Quantification and sequencing of marker genes for prokaryotes and fungi
Quantitative PCR (qPCR) was performed on a Lightcycler® 96 Real-Time PCR system (Roche, Hvidovre, Denmark). All qPCR reactions were run in technical duplicates. Prokaryote abundance was estimated by quantifying the V3 region of 16S rRNA gene as described previously [60] and fungal abundance by quantifying the ITS2 region as described previously [61].
To determine the composition of prokaryotic and fungal communities, sequencing of 16S rRNA genes and ITS2 fragments (DNA) and transcripts (cDNA) was done as described previously [62]. Raw sequence reads are deposited on NCBI Sequence Read Archive (https://www.ncbi.nlm.nih.gov/sra) under BioProject accession number PRJEB40946. Details of the qPCR protocol, the preparations for sequencing and annotation of sequence reads can be found in the supplementary information.
Statistical analysis
Sequences were analyzed in R version 3.5.0 [63] using phyloseq and vegan [64, 65]. Sample summaries are presented in supplementary information (Table S1–S4). There were on average 16,525 16S cDNA reads (Table S1) and 5389 16S DNA reads per sample (Table S2). One 16S DNA sample was excluded due to low sequencing depth (Table S2). There were on average 60,355 ITS transcripts and 50,412 ITS DNA reads per sample (Tables S3–S4).
Univariate statistics
For alpha-diversity analysis, samples were rarefied to equal depth before calculating richness and Shannon–Weaver diversity index. The rarefaction level was determined by the sample that had the lowest number of reads in each experiment (Tables S1–S4).

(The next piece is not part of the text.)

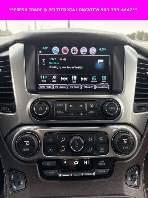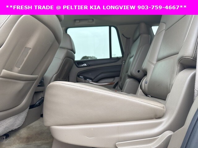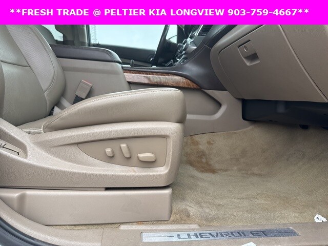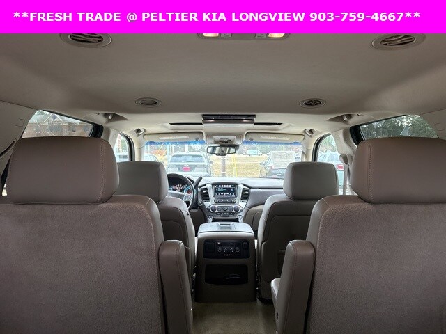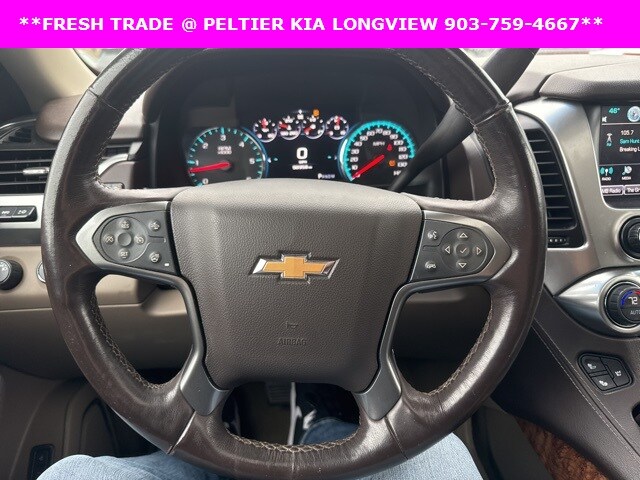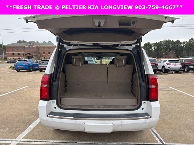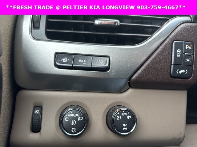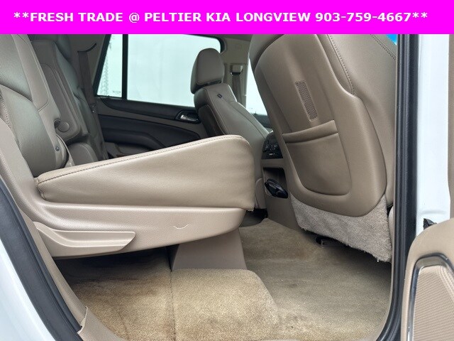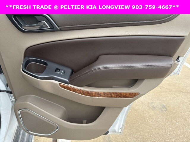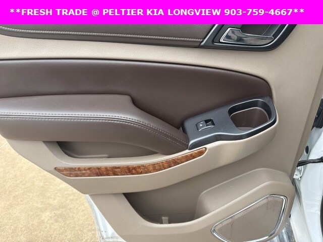 Magnetic Ride Control Suspension Package, 4WD, Cocoa/Dune w/Leather-Appointed Seat Trim, Navigation System, 10 Speakers, 1st & 2nd Row Color-Keyed Carpeted Floor Mats, 3.08 Rear Axle Ratio, 3rd Row 60/40 Power Fold Split-Bench, 3rd row seats: split-bench, 4-Wheel Antilock Disc Brakes, 4-Wheel Disc Brakes, 5 12-Volt Auxiliary Power Outlets, 6-Way Power Front Passenger Seat Adjuster, ABS brakes, Adaptive suspension, Adjustable pedals, Air Conditioning, Alloy wheels, AM/FM radio: SiriusXM, Apple CarPlay, Auto High-beam Headlights, Auto-dimming door mirrors, Auto-Dimming Inside Rear-View Mirror, Auto-dimming Rear-View mirror, Automatic temperature control, Black Assist Steps w/Chrome Accent Strip, Bodyside moldings, Bose Centerpoint Premium 10-Speaker Surround Sound, Brake assist, Bumpers: body-color, CD player, Color-Keyed Carpeting Floor Covering, Compass, Delay-off headlights, Driver door bin, Driver Inboard & Front Passenger Airbags, Driver vanity mirror, Dual front impact airbags, Dual front side impact airbags, Electronic Cruise Control w/Set & Resume Speed, Electronic Stability Control, Emergency communication system: OnStar, Enhanced Driver Instrument Information Display, Exterior Parking Camera Rear, Floor Console, Fog Lamps, Forward Collision Alert Sensor Indicator, Front & Rear Parking Assist, Front anti-roll bar, Front Bucket Seats, Front Center Armrest, Front dual zone A/C, Front fog lights, Front Heated Reclining Bucket Seats, Front reading lights, Front wheel independent suspension, Fully automatic headlights, Garage door transmitter, Hands Free Power Liftgate, Heated & Cooled Driver & Front Passenger Seats, Heated 2nd Row Seats, Heated door mirrors, Heated front seats, Heated Leather Wrapped Steering Wheel, Heated rear seats, Heated steering wheel, High-Intensity Discharge Headlights, Illuminated entry, IntelliBeam Headlamps, Lane Departure Warning System, Lane Keep Assist, Low tire pressure warning, Memory seat, Memory Settings, Occupant sensing airbag, OnStar Basic Plan For 5 Years, Outside temperature display, Overhead airbag, Overhead console, Panic alarm, Passenger door bin, Passenger vanity mirror, Passive Entry System, Pedal memory, Perforated Leather-Appointed Seat Trim, Power door mirrors, Power driver seat, Power Liftgate, Power passenger seat, Power Release 2nd Row Bucket Seats, Power steering, Power Tilt & Telescoping Steering Column, Power windows, Power-Adjustable Accelerator & Brake Pedals, Power-Folding Heated Outside Mirrors, Premium audio system: Chevrolet MyLink, Push Button Keyless Start, Radio: Chevrolet MyLink w/Navigation/AM/FM Stereo, Rain sensing wipers, Rear air conditioning, Rear anti-roll bar, Rear Cross-Traffic Alert, Rear reading lights, Rear window defroster, Rear window wiper, Remote Keyless Entry, Remote keyless entry, Roof rack: rails only, Roof-Mounted Luggage Rack Side Rails, Safety Alert Driver Seat, Security system, Side Blind Zone Alert w/Lane Change Alert, Single-Slot CD/MP3 Player, SiriusXM Satellite Radio, Speed control, Speed-sensing steering, Split folding rear seat, Spoiler, Steering wheel memory, Steering wheel mounted audio controls, Tachometer, Telescoping steering wheel, Tilt steering whee

For all experiments, a similar univariate model was run to test differences in the response of the greenhouse gas emissions, abundance of 16S and ITS cDNA and DNA reads, Shannon–Weaver diversity index and OTU richness. Treatment was considered as a fixed factor and plot as random factor. We used the LmerTest and lme4 packages [63, 66, 67]. A post-hoc test was run with the diffslsmeans function in the LmerTest package when there was a significant treatment effect [66].
Multivariate analysis
Multivariate analysis was performed on non-rarefied samples. We performed a permutational multivariate analysis of variance on Bray–Curtis dissimilarity matrices to test treatment differences (adonis function, 10,000 permutations, strata = block) and a distance-based redundancy analysis on Bray–Curtis dissimilarity matrices (capscale function, 9999 permutations, strata = block).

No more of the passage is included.